Des dessins au service d'une histoire
Mais la bande dessinée n'est pas qu'un art graphique ; elle est aussi un art littéraire.
Travaillant sur les scénarios de René Goscinny, Morris, dont on reconnaît ici le personnage emblématique, Lucky Luke, fait preuve d’un sens évident de la mise en scène : il dramatise la situation en dessinant des cases muettes, superpose ses bulles, utilise des caractères gras… Bref, il accompagne le récit en mettant ses dessins au service d’une histoire. Cette dimension narrative est absente d’une grande partie de l’art contemporain. C’est peut-être ce qui explique le succès de la BD, et l’incompréhension d'une partie du public face à l’art actuel.
A lire :
Publié l’année dernière chez la prestigieuse maison d’édition Citadelles et Mazenod, spécialisée dans les livres d’art, L’art de la bande dessinée est LA référence si vous voulez approfondir le sujet.

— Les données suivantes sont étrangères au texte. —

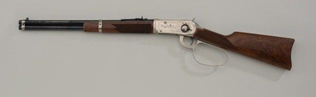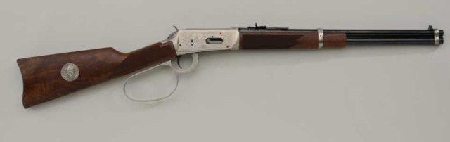 John Wayne Winchester Comm in box with slip cover and papers # JW15481. Excellent to new. Slip cover torn and taped. Leather John Wayne scabbard with original shipping box from U.S. Repeating Arms. Est. $900-$1,800.
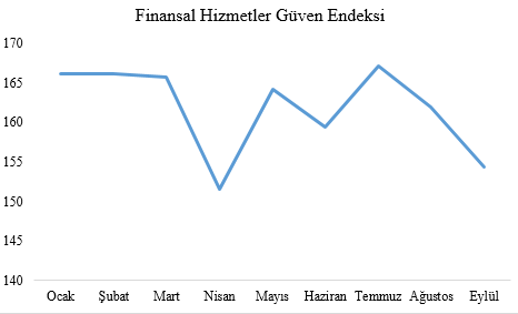 Finansal hizmetler güven endeksi burada değerlendirmeye aldığımız diğer anketlerden farklı olarak inişler ve çıkışlar gösteriyor. Önceki anketlere benzerlik gösteren yanı Temmuz ayı sonrasında hızlanan güven kayıpları olarak görünüyor.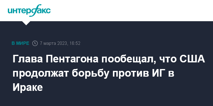 Москва. 7 марта. INTERFAX.RU - Министр обороны США Ллойд Остин, прибывший во вторник с необъявленным визитом в Ирак, заявил, что США привержены безопасности страны, продолжат бороться с "Исламским государством" (террористическая организация, запрещена в РФ).

Les auteurs de cet énorme volume, presque tous historiens, racontent l’évolution de la discipline en la mettant en relation avec l’histoire contemporaine.
A lire également, L'intégrale Uderzo, dont un premier volume centré sur les années 1941-1951 est paru l'an dernier. Ou le papa d'Astérix tel qu'on ne le connaît pas : peintre, illustrateur pour France Soir ou France Dimanche (où il mettait en images des faits divers), amateur de western... Ce beau livre regroupe des archives précieuses et bien souvent inédites.